I’ve been on the investment banking and the private banking side in various IT roles at Credit Suisse and UBS, and both sides have been digital for decades. Trading was – and still is – about the integration of information and making that information available to the decision-makers in real time and in a form they can execute against. It’s always been a race to use highly sophisticated technology to create an edge for the firm and the clients.

Private banking, by contrast, is about using information to help clients make longer-term decisions. As clients became better informed through the internet and different platforms, we provided our advisers with smart analytical information about markets, and the value was in matching that to the investment portfolio or the strategy of their clients.

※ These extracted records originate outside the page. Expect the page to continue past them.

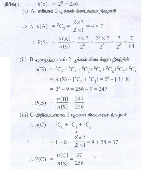 (5) எட்டு நாணயங்கள் ஒரு முறை சுண்டப்படுகின்றன. (i) சரியாக இரண்டு பூக்கள். (ii) குறைந்தபட்சம் இரண்டு பூக்கள் (iii) அதிகபட்சமாக இரண்டு பூக்கள் கிடைப்பதற்கான நிகழ்தகவுகளைக் காண்க.
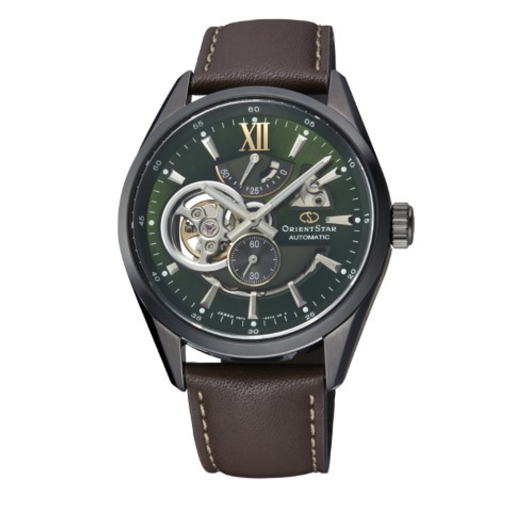 Orient Star Contemporary Modern Skeleton Limited Model RK-AV0010E - men's watch manufactured by Orient. It is equipped with Japanese automatic movement and F6F44 calibre. Stainless steel, hard coating case of round shape. Case dimensions are 41 mm. in diameter and 12 mm. in thickness. The dial of this Orient watch is green. Display type: analog. This timepiece has sapphire, antireflection coating glass. Leather band, band color: brown. 100 m. water resistance. The watch is from Orient Contemporary collection. The following features are equipped: antimagnetic, power reserve indicator, glowing hands, glowing markers, limited edition.
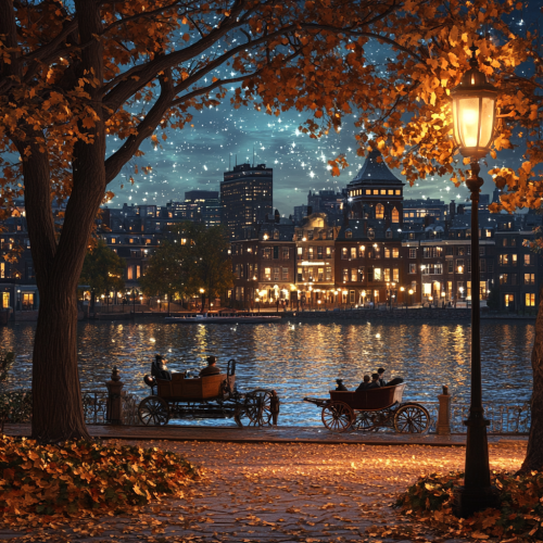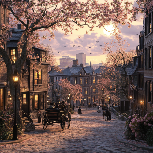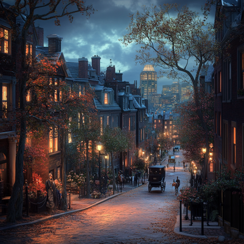 What Boston looks like past, fascinating, 1900s, imaginative, realistic, photographic of the city of Boston, background Boston old city view, incredible, creative, sea 3d render, old Boston houses, Boston people in 1900s, horse carriage, trees, flowers, night, oil lamp lights
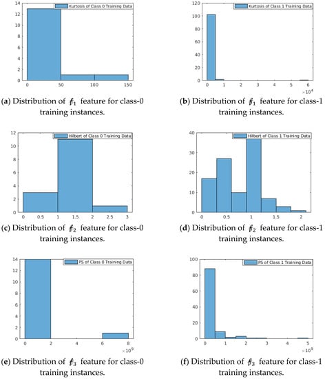 - For In the feature function Max (mean(power spectrum(data)), class-0 instances are concentrated in (0, ), whereas class-1 instances are distributed over the range (0, ).
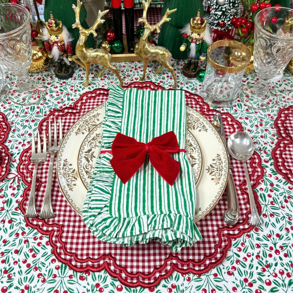 Swiss linen, fine cotton and tasteful refinement define Flying Sheep Country's linens and tabletop items. Founded by two sisters who spent their youth spotting sheep in the English countryside, the brand celebrates both luxury and whimsy in its vibrant prints, fine embroidery and traditional artisanship. The Ruffle Napkins in Green Stripe, Set of 4, offer a fresh twist on a timeless design. Featuring crisp green stripes and a softly ruffled edge, these napkins bring relaxed elegance to both everyday meals and festive gatherings.
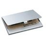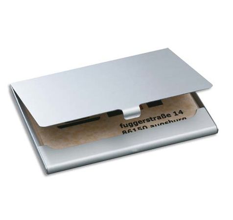 En aluminium de qualité supérieure à finition mate. Idéal en déplacement grâce à son design extra plat et son faible poids. Pour 15 ou 30 cartes de visite jusqu'au format 9 x 5,7 cm.
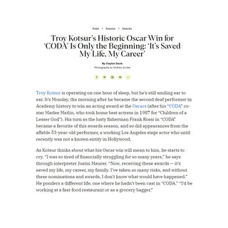 "Troy Kotsur's Historic Oscar Win for 'CODA' Is Only the Beginning"
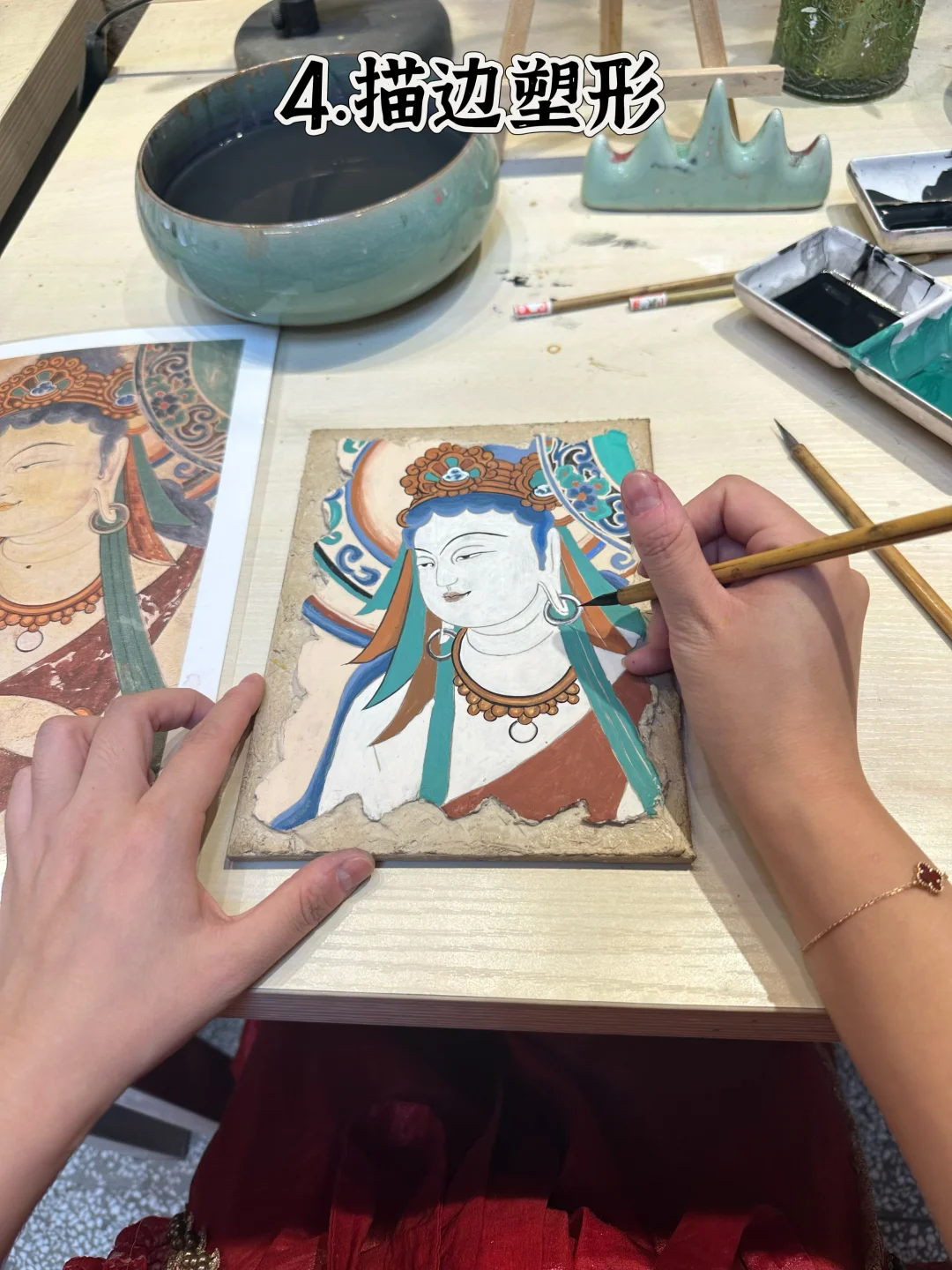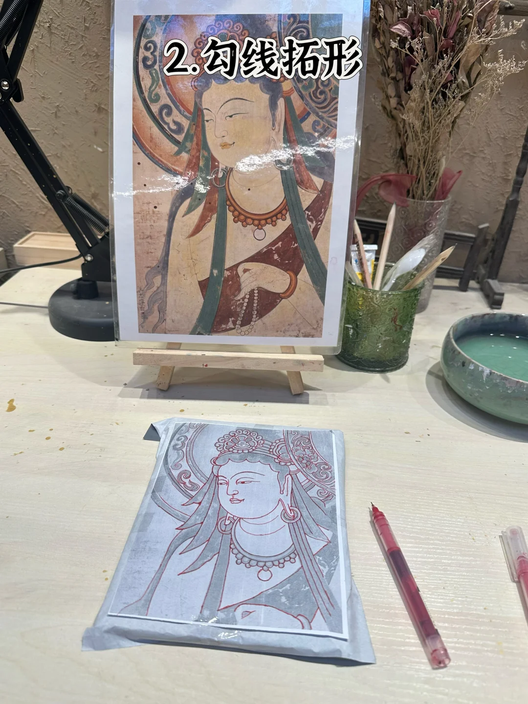 2️⃣勾线拓形:不用自己打草稿✏️,把选好的图案用复写纸拓在泥板上,稍微用点力就能出形,看着菩萨的轮廓慢慢显现,超有仪式感!✨
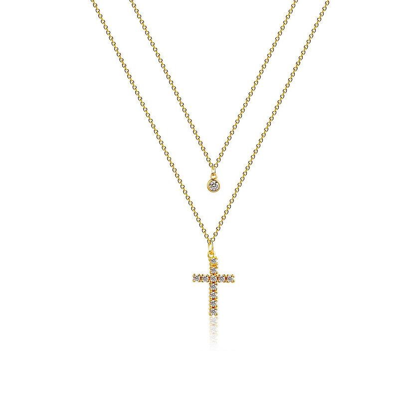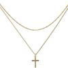 Collar de moda elegante con colgante de cadena de clavícula de Amazon, collar de cruz de diamantes de doble capa para mujer
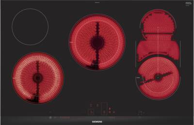 Glaskeramische kookplaat, Bediening voorzijde, 4 Keramische kookzone(s), tweekrings-kookzones: 3, Combinatiezones: 1, bruikbaar als twee aparte of één grote kookzone, 17 Standen, Snel verwarmen, Warmhoudfunctie, Veeg beveiliging, ReStart, Facet geslepen, netto breedte: 81,2 cm, netto hoogte: 4,5 cm, netto diepte: 52 cm
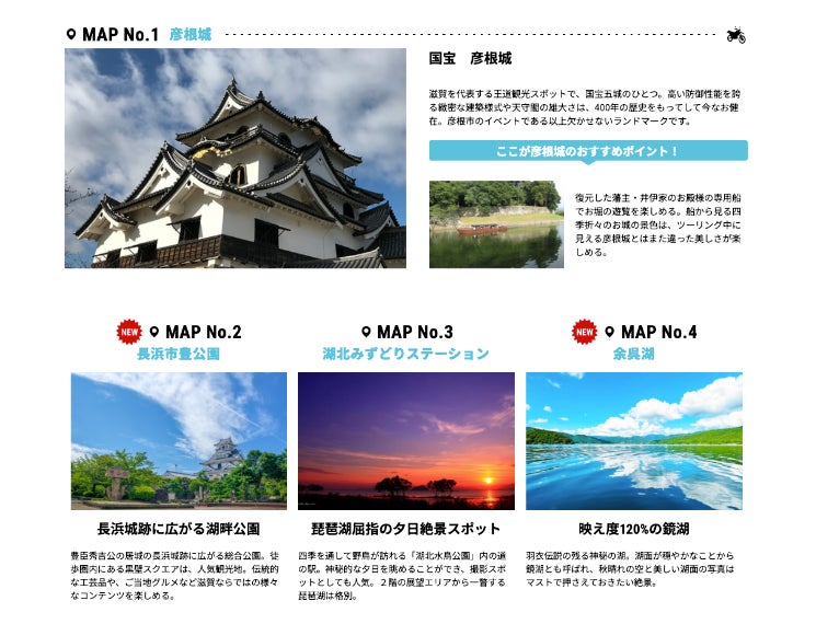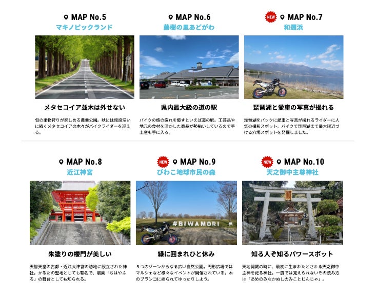 今年のスタンプラリースポットは、地元のライダーが琵琶湖周辺の王道観光スポットから、
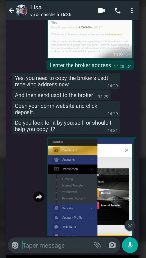Môi giới lừa đảoCBMH LIMITED đã lấy trộm 25000 euro từ tôi Người bắt đầu chủ đềElyus Ngày bắt đầu 28 tháng 7, 2021 ThẻCBMH giới hạnCBMH ltd Tôi là người Pháp và tôi có một bài đăng ở đây vì tôi đã bị lừa bởi một nhà môi giới Trung Quốc có tên làCBMH GIỚI HẠN thông qua một cô gái tôi gặp trên Facebook hẹn hò. Tôi đã được một cô gái Trung Quốc tên Lisa giới thiệu về trò lừa đảo để đầu tư vào vàng thông qua người môi giớiCBMH LTD trên nền tảng MT4.
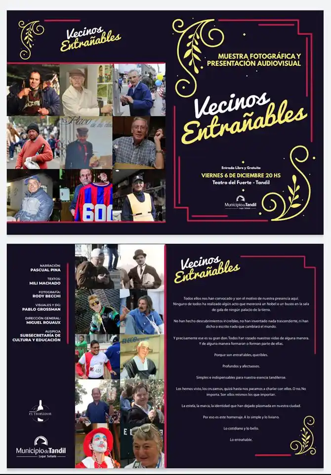 Con narración de Pascual Pina, textos de Mili Machado, fotografía de Rody Becchi, visuales y DG de Pablo Grossman, bajo la dirección general de Miguel Rouaux, “Vecinos entrañables” es un homenaje a lo simple y lo liviano, lo cotidiano y lo bello. Lo entrañable.
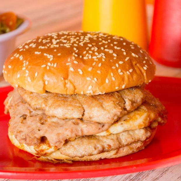 Milanesa de res con queso, acompañada de nuestros exquisitos frijoles refritos, chiles 100% caseros, catsup, mostaza.
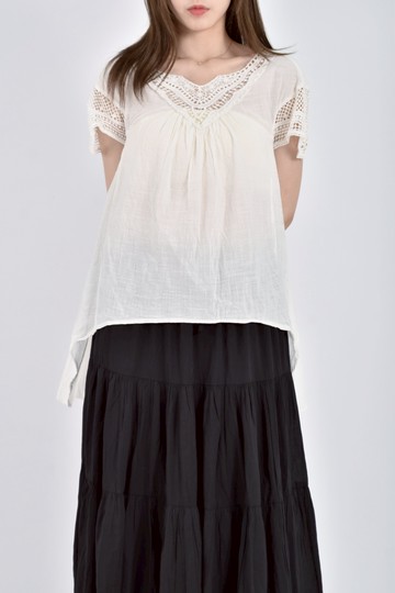 (L) 蕾絲白色短袖上衣

When did the opportunity to make a real difference in the IT industry first present itself?

I moved from Swiss Life in Zurich to Dublin in 2012 to join a fintech (formerly Information Mosaic, now IHS Markit) which developed securities post-trade solutions with a focus on corporate actions processing for tier-one banks, including UBS, Northern Trust and ING. After analysing their back-office processes, we on-boarded them onto a process that the company designed.

Our clients wanted to evolve the product further with us. This was the first time that I came into contact with agile development, and we even let the clients join our agile teams to steer that development. Those clients knew exactly what we were doing and loved the limited bureaucracy and administration, speed of delivery, the quick time to market, full transparency and the ability to see the results and make amendments very quickly.

By going beyond the requirements of PSD2, we have a much wider interface with about 2,500 developers on our API portal and 19 live solutions

What made you leave Information Mosaic to work for Deutsche Börse?

It got sold to a global solution provider2 which was not where I wanted to be and Deutsche Börse came along with a very interesting offer in 2014. As CIO based in Frankfurt, the challenge was to restructure the IT organisation and bring IT to function across the entire firm from trading through to clearing and settlement.3 Thanks to an agile team that could make decisions quickly, we successfully implemented a new clearing platform.


With your experience at the stock exchange, can you comment on how application programming interfaces (APIs) could work in the securities services and payments world?

An exchange like Deutsche Börse – which operates a vertically integrated model with trading, clearing and settlement all under one roof – is constantly exchanging information with its financial services institution clients in specific and standardised formats. So for them APIs, which are nothing more than a well-defined interface for the way you exchange information, have a long tradition. But an exchange only interacts with large financial institutions, not end-clients.

However, in the retail and corporate banking space, this innovation is dependent on the ability to standardise APIs in a time-critical manner, just as plugs are standardised to fit power sockets in walls. This is not as critical for exchanges, which depend on a relatively stable and high-performing infrastructure underneath and do not need to communicate with the end-user.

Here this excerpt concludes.